Firstly I’m not even sure where the best place to post this is, so I’ve put it in here as it’s kinda connected to the PHP Client library (in that it’s something running PHP) but I don’t even know if this is the cause or effect at this stage. I’m tagging @rbotzer and @kporter because I think this may require everyone’s skills ha ha.
Okay, so back story… we’re running Aerospike CE and have been quite successfully for some time now (couple of years) and everything has been hunky dory - however about 3 weeks ago, we updated our configs to make the memory larger and disk space smaller as our use case changed slightly. Once we restarted Aerospike, we ran into a problem about 10 minutes later of large connections and apps struggling with timeouts etc. Thinking this was related to the updates, we reverted the configs and restarted - but the same thing happened and we were noticing strange “sawtooth” patterns in New Relic of the apps accessing aerospike.

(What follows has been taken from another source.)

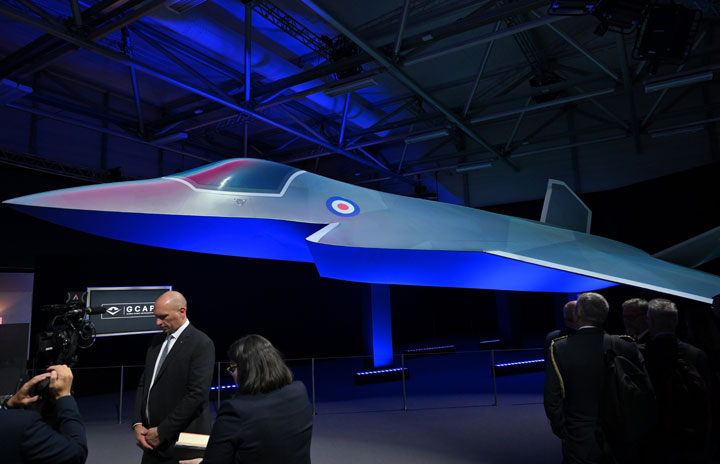 ファンボロー航空ショーでお披露目され英国空軍向けデザインが投影されたGCAPの新モックアップ=24年7月22日 PHOTO: Tadayuki YOSHIKAWA/Aviation Wire

Connections would steady out at around 800 per node, then every 10 minutes increase to over 5k before slowly coming back down to ~800 again. We brought the cluster down, updated configs for the desired end results (more ram, less disk usage), zeroed out the drives as we had the data and then restarted the cluster - still the same issue occurred.
Now, as an aside, we currently have a CRON job which takes data from MySQL, formats it and syncs it into Aerospike - this runs every 10 minutes and so we naturally thought there was a connection. We stopped the CRON job, and this only re-created the issue with the rising connections etc so instead we reduced the time to 5 minutes and this seemed to alleviate the problem with connections. However, we still see the “sawtooth” pattern in New Relic in terms of response time from Aerospike, but at least this meant the service remained stable.
This brings me on to the main issue we are having now. If we stop the CRON running the sync to Aerospike, at almost exactly the 10 minute mark, the connection rates increase massively (up to ~5k) and the whole system grinds to a halt, the apps time out, connections can’t be made etc and the whole platform will eventually die. If we start the CRON again and run a sync, the connections slowly drop and everything carries on as normal - which is why this is the strangest thing I’ve ever seen. I’m basically asking for your help in being able to debug how turning OFF a CRON job accessing Aerospike actually breaks aerospike, almost in 10 minutes cycles. I understand this is almost completely “I have no idea without looking” kind of scenario, but it’s the “looking” bit we need help with.
I’ve upped the log level, checked it and can’t immediately see anything obvious, no errors or anything. Does aerospike do anything in 10 minute cycles like GC etc which could cause this (and is reset by something accessing Aerospike)? We’ve updated to the latest version of both client (3.4.14) and server (188.8.131.52) now and still the same The cron accesses via PHP-CLI and the app servers are running PHP-FPM
I really hope you guys can help me in tracking down possible errors or symptoms, really appreciate the support.